August 28, 2013 at 4:33 am
Is there a way to sort the table after records are inserted?
Declare @tab Table(name varchar(10), value varchar(10))
Declare @mystring varchar(10)
set @mystring='AA'
insert into @tab
select 'A', 1
union
select 'AA',2
select @mystring=REPLACE(@mystring,name,value) from @tab order by LEN(name) desc
select @mystring
Here is my problem
1. I create a table with two cols Name and Value
2. I insert records into this table using a union statement. (Ex records : {A,1},{AA,2})
3. Now I have a string which I need to be replaced.
Ex: if my string is AA, I need it to be replaced by 2. But now what happen is since in the table A is before AA, it replaces it with two 1’s , ie 11
August 28, 2013 at 4:44 am
The problem is you can't assign multiple values to a single variable. So your "select @mystring=...." statement will only return the last updated value. You also has the order of the parameters in the REPLACE statement wrong. The first parameter is the original value, the second parameter is the string to be replaced.
And the most important rule: an order is only guaranteed if an ORDER BY is used.
Use this code instead:
Declare @tab Table(name varchar(10), value varchar(10))
Declare @mystring varchar(10)
set @mystring='AA'
insert into @tab
select 'A', 1
union
select 'AA',2
select
name
, value
, REPLACE(name,@mystring,value) as new_value
from @tab
order by name
August 28, 2013 at 4:54 am
I have used order by Len(name) desc so that AA will come first, but since order by will apply atlast, it will not work.
One option I have in mind is to use a subquery like
Declare @tab Table(name varchar(10), value varchar(10))
Declare @mystring varchar(10)
set @mystring='AA'
insert into @tab
select * from (select 'A' Name , 1 Value
union
select 'AA',2) A order by LEN(name) desc
select @mystring=REPLACE(@mystring,name,value) from @tab
select @mystring
What you think?
August 28, 2013 at 5:14 am
Because you assign the updated values from a table to a single variable, it will still be possible to get the wrong results.

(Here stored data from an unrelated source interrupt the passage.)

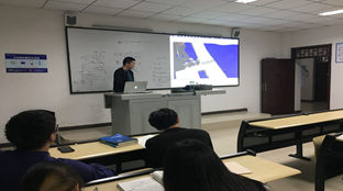 黄老师首先讲解现在行业趋势和自身的行业经历,并现场展示了大四的学姐学长们在专业综合项目实训课程中的项目小视频,让同学们切身感受专业知识的实际运用成果。
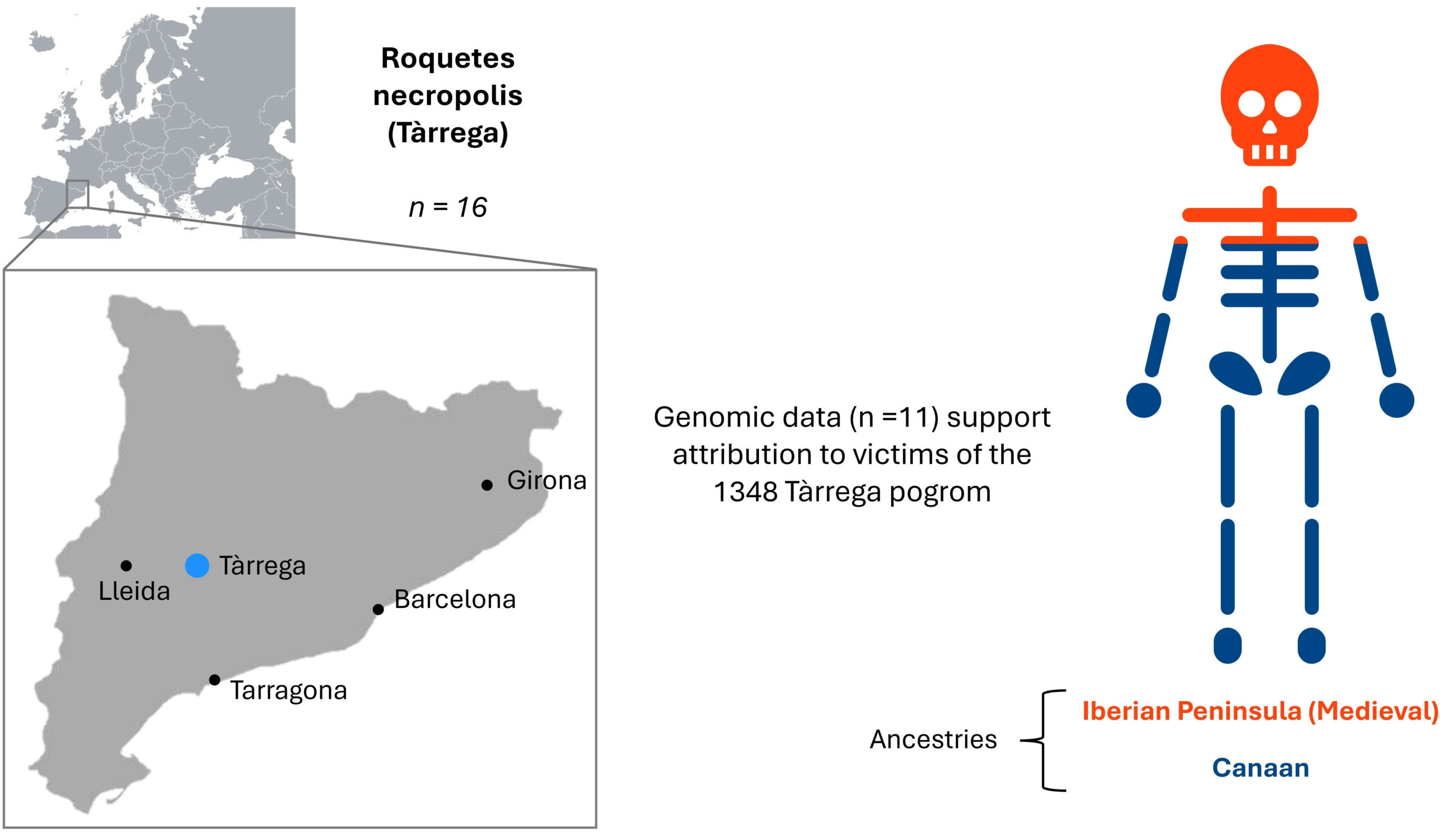 ACN Barcelona – El Departament de Cultura ha impulsat el primer estudi genètic d’una comunitat jueva medieval a Catalunya. S’han analitzat les restes òssies de 16 individus de la necròpolis jueva de les Roquetes, a Tàrrega. Es tracta d’un espai funerari relacionat amb el pogrom de 1348. Les fosses comunes mostraven evidències clares de mort violenta i un enterrament simultani massiu, d’acord amb fonts històriques que parlen de la mort d’uns 300 membres de la comunitat jueva targarina. L’estudi revela una notable diversitat d’ADN mitocondrial, amb múltiples línies maternes documentades històricament en poblacions jueves, així com tres clades paternes habituals en comunitats de la diàspora i arrels al Pròxim Orient.
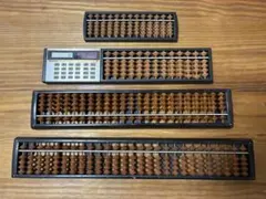 プラスチック製のブラウンのそろばん、長さ約33cmで計算に便利。
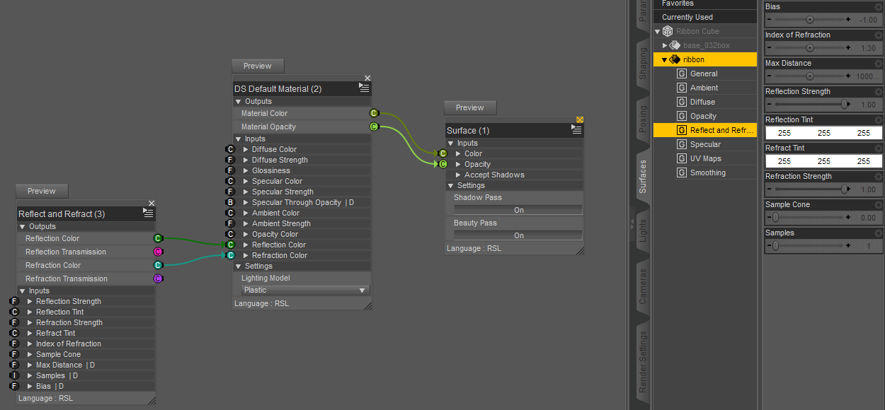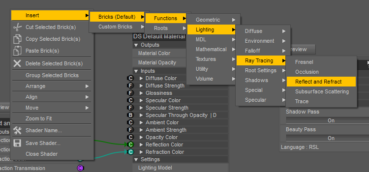 mit dem Reflect and Refract Brick. (s. RefBrickLocation) Dann werden lediglich dessen Color-Outputs mit den Inputs des DS Mats verbunden und die Raytracing Optionen werden im Material verfügbar. (s. SimpleRefRef) -
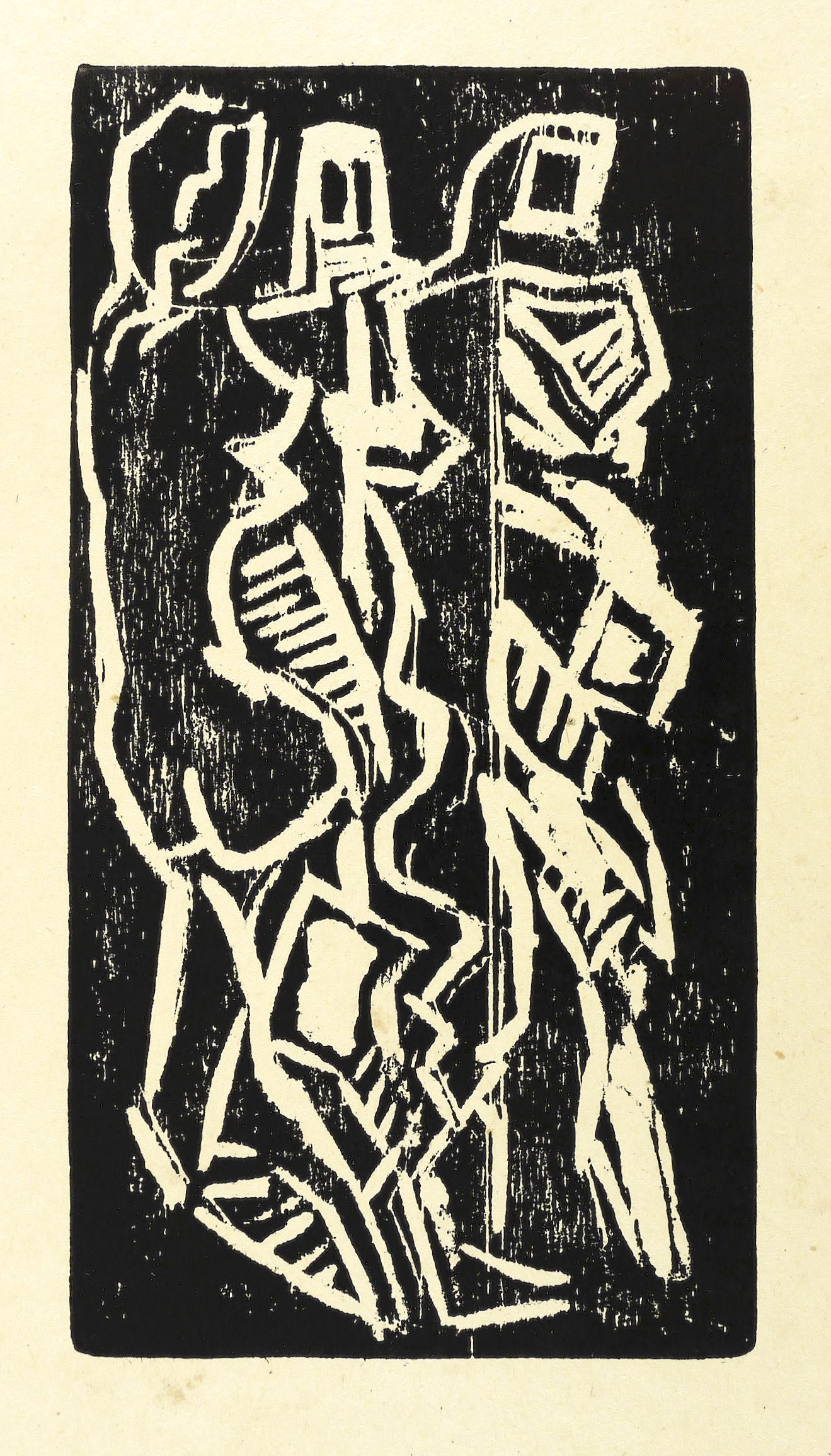 1980-1990. Holzschnitt, in Schwarz, auf gelbem Velin. – Originale Künstlergrafik, von Horst Weber. – 20,9 x 11,0 cm (Darstellung / Druckstock), 30 x 21 cm (Blatt).
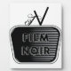 Diseño vectorial digital personalizado divertido de un televisor vintage con el logo 'film noir'.
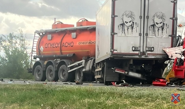 В Волгоградской области на видео сняли последствия ДТП с тремя грузовиками

The update on the table could result in multiple rows. Only the last updated row will be visible in the variable.
So the basic of your solution is not correct. Do not assign multiple rows to a single variable. If you really need to assign an updated value to the variable, at least use the TOP 1 clause in combination with an ORDER BY. This will guarantee the row to be returned. Or apply a WHERE clause that will return a single row.
August 28, 2013 at 5:26 am
The same query will work with two rows. The actual scenario has 100’s of data.
August 28, 2013 at 5:32 am
Sanz (8/28/2013)
The same query will work with two rows. The actual scenario has 100’s of data.
And like I said before: only ONE value of this multi-row query wil be stored in the @mystring variable.
August 28, 2013 at 5:39 am
Couple steps back...
What are you trying to do?
Bear in mind that a table has no defined order (by definition). A resultset only has a guaranteed order if an ORDER BY statement is specified on the query.
Gail Shaw
Microsoft Certified Master: SQL Server, MVP, M.Sc (Comp Sci)
SQL In The Wild: Discussions on DB performance with occasional diversions into recoverability
August 30, 2013 at 1:39 pm
select @mystring=REPLACE(@mystring,name,value) from @tab
We don't sort tables. The entire relational world is based on the concept that absolutely no assumptions can ever be made on the physical order of rows in a table. Among other advantages, this frees RDBMS systems to place physical rows however it needs them. So "sort a table" is meaningless. We only sort result sets.
If you want an action to apply to one particular row, you must clearly identify that row. In this simple case, you can change your statement to:
select @mystring=REPLACE(@mystring,name,value) from @tab where name = @mystring
But your statement is more complex than it needs to be. Why do you even need the REPLACE?
select @mystring=value from @tab where name = @mystring
TommCatt
In theory, there is no difference between theory and practice. In practice, there is.
August 30, 2013 at 1:49 pm
You should be able to use a correlated subquery, like so:
SELECT
@mystring,
REPLACE(@mystring, name, value) AS newstring
FROM (
SELECT TOP (1) * FROM @tab WHERE @mystring LIKE '%' + name + '%' ORDER BY LEN(name) DESC
) AS correlated
SQL DBA,SQL Server MVP(07, 08, 09) "It's a dog-eat-dog world, and I'm wearing Milk-Bone underwear." "Norm", on "Cheers". Also from "Cheers", from "Carla": "You need to know 3 things about Tortelli men: Tortelli men draw women like flies; Tortelli men treat women like flies; Tortelli men's brains are in their flies".